WHAT IS REQUIRED:
In the entries below, begin at the line that has "Многие думают, что" and stop after the line that has "The fire erupted"; output those lines exactly, leaving out pictures.

SUPPLIED RECORDS:
BEGIN
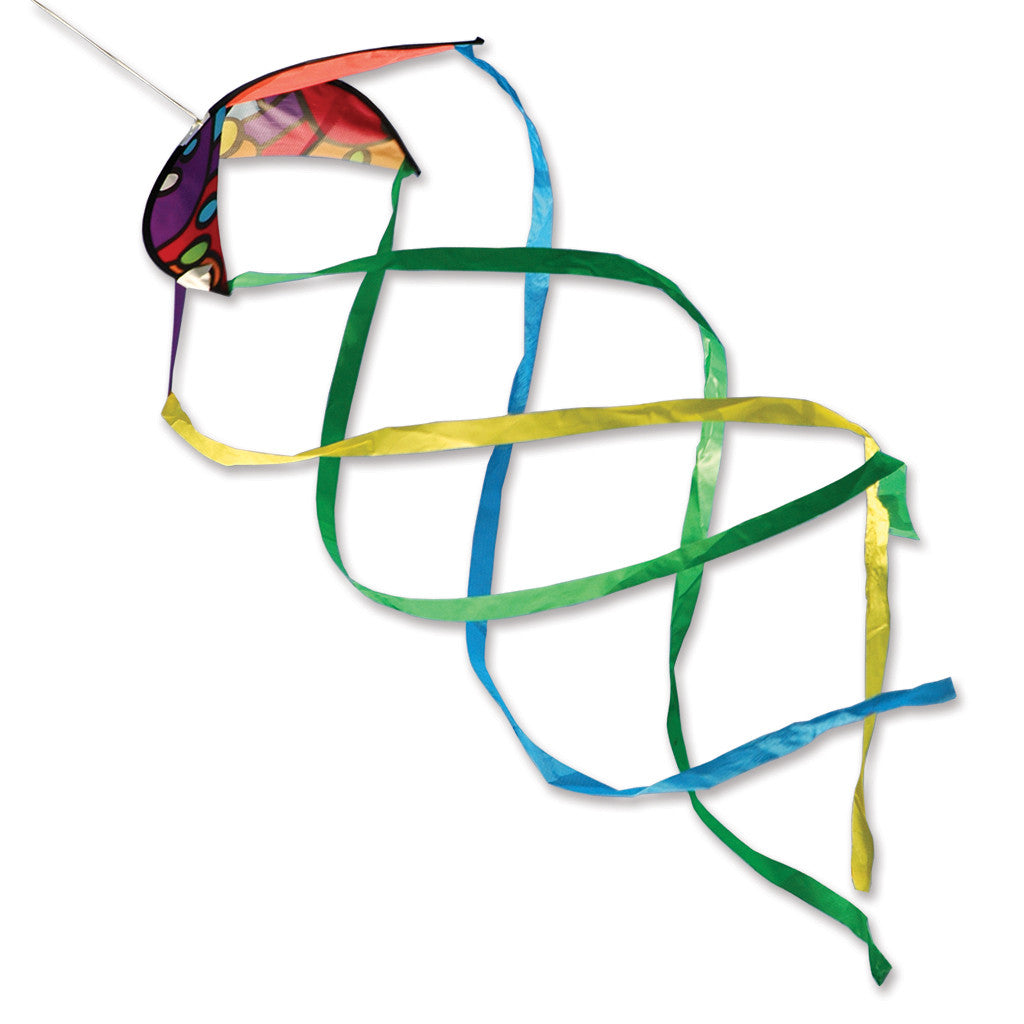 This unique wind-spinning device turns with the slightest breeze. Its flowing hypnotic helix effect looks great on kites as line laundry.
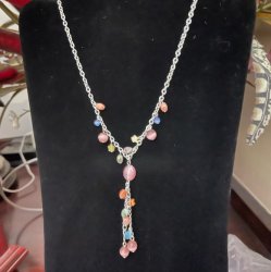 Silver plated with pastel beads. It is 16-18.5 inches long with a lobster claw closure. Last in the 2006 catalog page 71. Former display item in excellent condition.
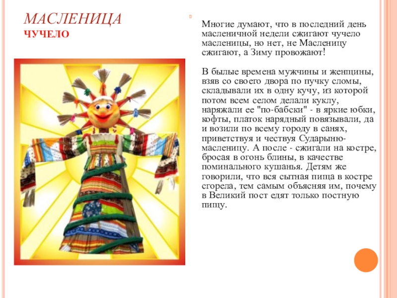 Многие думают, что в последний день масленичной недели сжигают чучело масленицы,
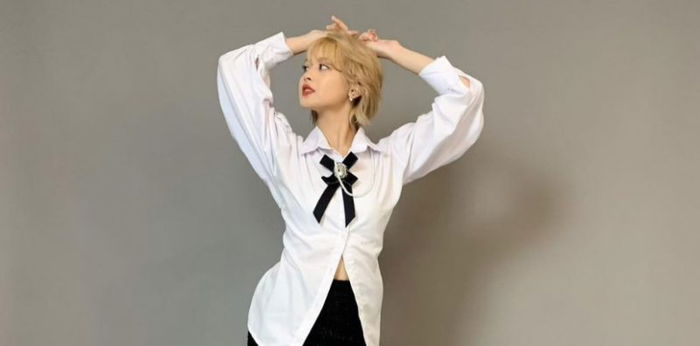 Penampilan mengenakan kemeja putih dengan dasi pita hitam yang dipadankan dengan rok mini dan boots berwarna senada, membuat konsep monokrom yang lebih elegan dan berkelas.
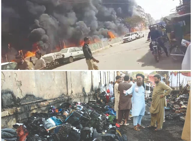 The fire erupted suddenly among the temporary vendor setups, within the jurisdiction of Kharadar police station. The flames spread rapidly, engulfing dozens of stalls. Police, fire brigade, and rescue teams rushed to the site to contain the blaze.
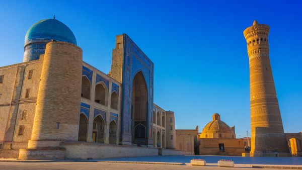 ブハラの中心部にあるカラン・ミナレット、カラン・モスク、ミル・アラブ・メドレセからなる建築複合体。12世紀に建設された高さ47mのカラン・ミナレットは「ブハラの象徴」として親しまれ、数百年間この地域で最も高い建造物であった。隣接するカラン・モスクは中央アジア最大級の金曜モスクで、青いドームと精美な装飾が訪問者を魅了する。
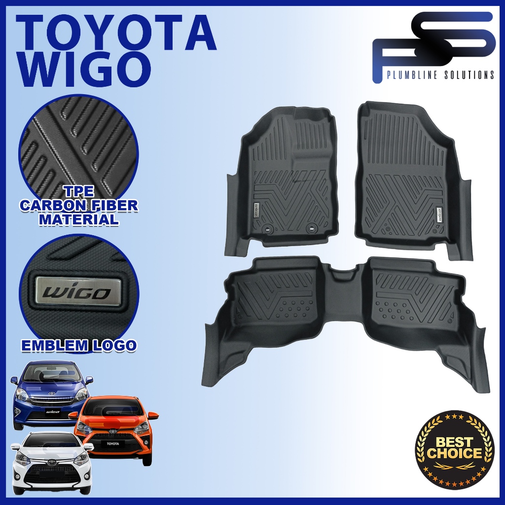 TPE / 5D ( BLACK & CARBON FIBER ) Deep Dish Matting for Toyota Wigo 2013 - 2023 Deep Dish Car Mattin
END
FINAL ANSWER:
 Многие думают, что в последний день масленичной недели сжигают чучело масленицы,
 Penampilan mengenakan kemeja putih dengan dasi pita hitam yang dipadankan dengan rok mini dan boots berwarna senada, membuat konsep monokrom yang lebih elegan dan berkelas.
 The fire erupted suddenly among the temporary vendor setups, within the jurisdiction of Kharadar police station. The flames spread rapidly, engulfing dozens of stalls. Police, fire brigade, and rescue teams rushed to the site to contain the blaze.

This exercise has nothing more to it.